監修医
山崎まいこ先生
まいこホリスティックスキンクリニック 院長

現代女性の肌悩みに多い「毛穴」。毛穴の悩みにはいくつか種類がありますが、年齢や肌状態、生活習慣によっても様々な原因があります。

この記事では毛穴が開いてしまっている「開き毛穴」についてその原因とおすすめのケア方法についてお伝えします。

角栓毛穴がポッカリ開いたまま…

大人の女性の肌悩みに最も多いとも言える「毛穴の悩み」。「毛穴がなんとなく詰まっている感じがする」、「ニキビやベタつきが気になることが増えた」など、毛穴の悩みから来る肌トラブルは少なくないと思います。

その影響から、詰まってしまった角栓による毛穴汚れを除去するシートパックや、スクラブを使用する女性は多いのではないでしょうか。

しかし、「せっかくシートパックやスクラブをしても開いた毛穴が元に戻らない」という状態になってしまうこともあります。この記事では、ケアをしても開いてしまった毛穴が戻らないという肌状態について詳しくお伝えします。

毛穴が開いた状態とは?

毛穴が開いた状態には大きく分けて2種類あります。

まず1つ目が、毛穴が丸くポッカリと開いてしまった「すり鉢毛穴」と呼ばれるものです。鼻や頬に目立ちやすく、皮脂分泌が比較的多い人や、気温が高い夏に気になる人が多いと言われています。そして、毛穴が開いたままの状態が長く続くことで「つまり毛穴」による毛穴の黒ずみや毛穴汚れによる肌のざらつきというお悩みにつながることもあります。

そして2つ目は、加齢などによる「たるみ毛穴」です。40代以上のお悩みに多く、毛穴が縦に伸びたように開いている状態を指します。頬の内側に感じやすい状態です。肌全体は乾燥していたり、テカリは感じていない方で毛穴の開きが気になり始めた方は「たるみ毛穴」の可能性があります。

このように、毛穴のお悩みにはいくつか種類があり、そのお悩みによって原因や最適なスキンケア方法が異なりますので、ぜひ参考にしてみて下さい。

毛穴が開いたままになる原因4個

1. 皮脂分泌が多い時に見られる「すり鉢毛穴」

毛穴が丸くポッカリとすり鉢のように開いてしまっている肌状態を「すり鉢毛穴」と呼びます。このような肌状態に分類される方は、様々な原因から肌の上の皮脂分泌量が増えてしまっている傾向にあります。そしてその増えた皮脂には、オレイン酸などの「不飽和脂肪酸」が多く含まれています。
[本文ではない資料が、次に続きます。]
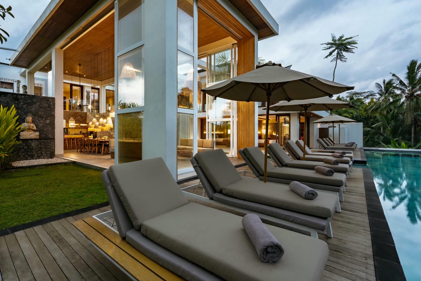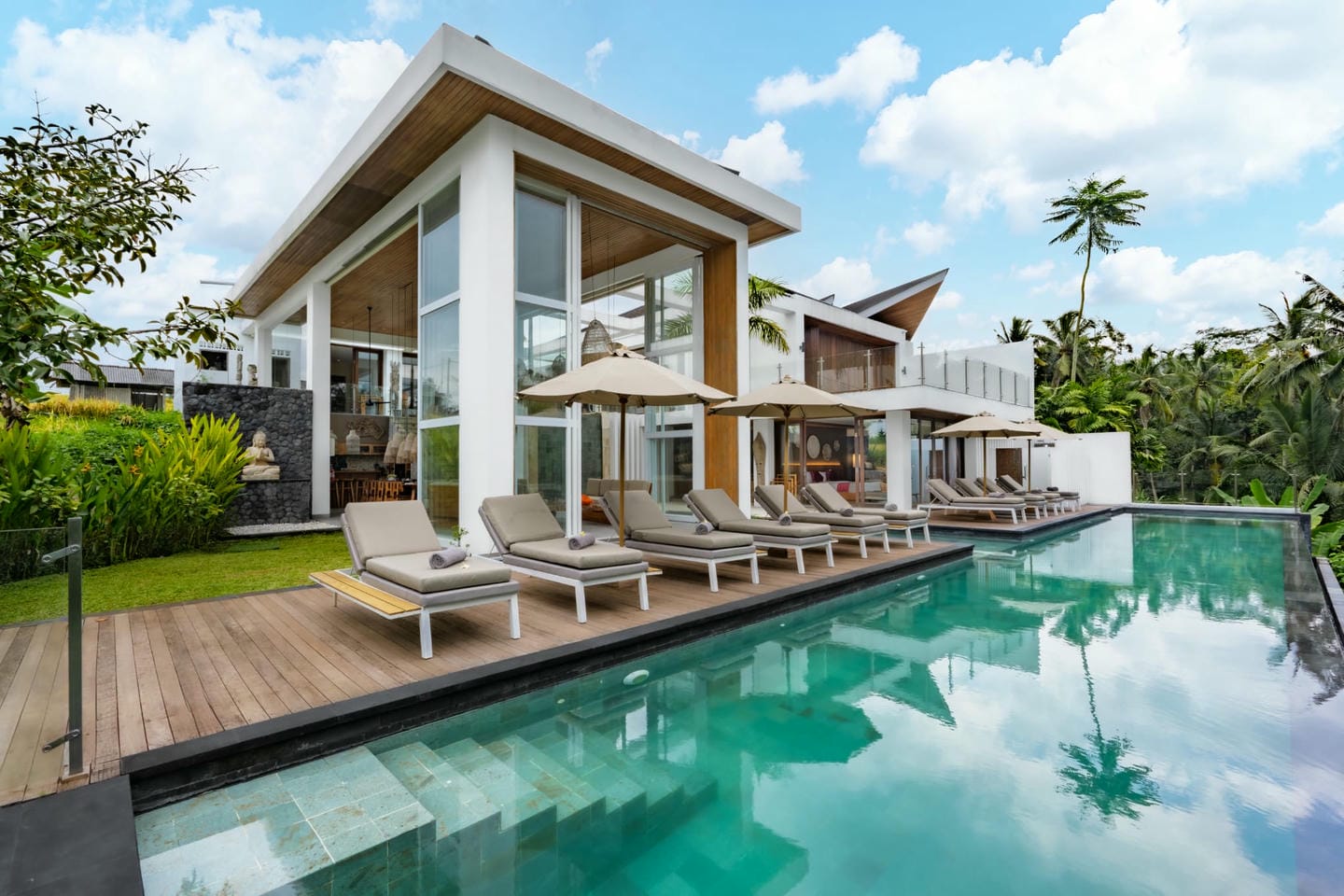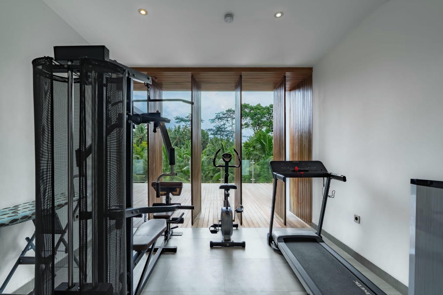 L’espace extérieur dispose d’une piscine de 80 m² avec vue sur la jungle. La propriété comprend également environ 100 m² de parking, une salle de sport entièrement équipée, ainsi qu’une plateforme de yoga à l’étage offrant une vue sur la jungle à l’avant et sur les rizières sur le côté.

不飽和脂肪酸は魚や植物の脂に多く含まれるため、体のために積極的に摂取した方が良いと言われています。しかし一方で、肌の上に不飽和脂肪酸が多く存在してしまうと、かえって肌を炎症状態にしてしまいます。

肌が炎症状態になると肌のバリア機能が弱くなり、ターンオーバーが乱れてしまいます。すると結果的に肌のキメも乱れてしまい、毛穴がポッカリとすり鉢のように開いてしまうのです。

2. 加齢や紫外線ダメージによる「たるみ毛穴」

毛穴が縦に伸びてしまう肌状態を「たるみ毛穴」と呼びます。その原因は第一に「紫外線」です。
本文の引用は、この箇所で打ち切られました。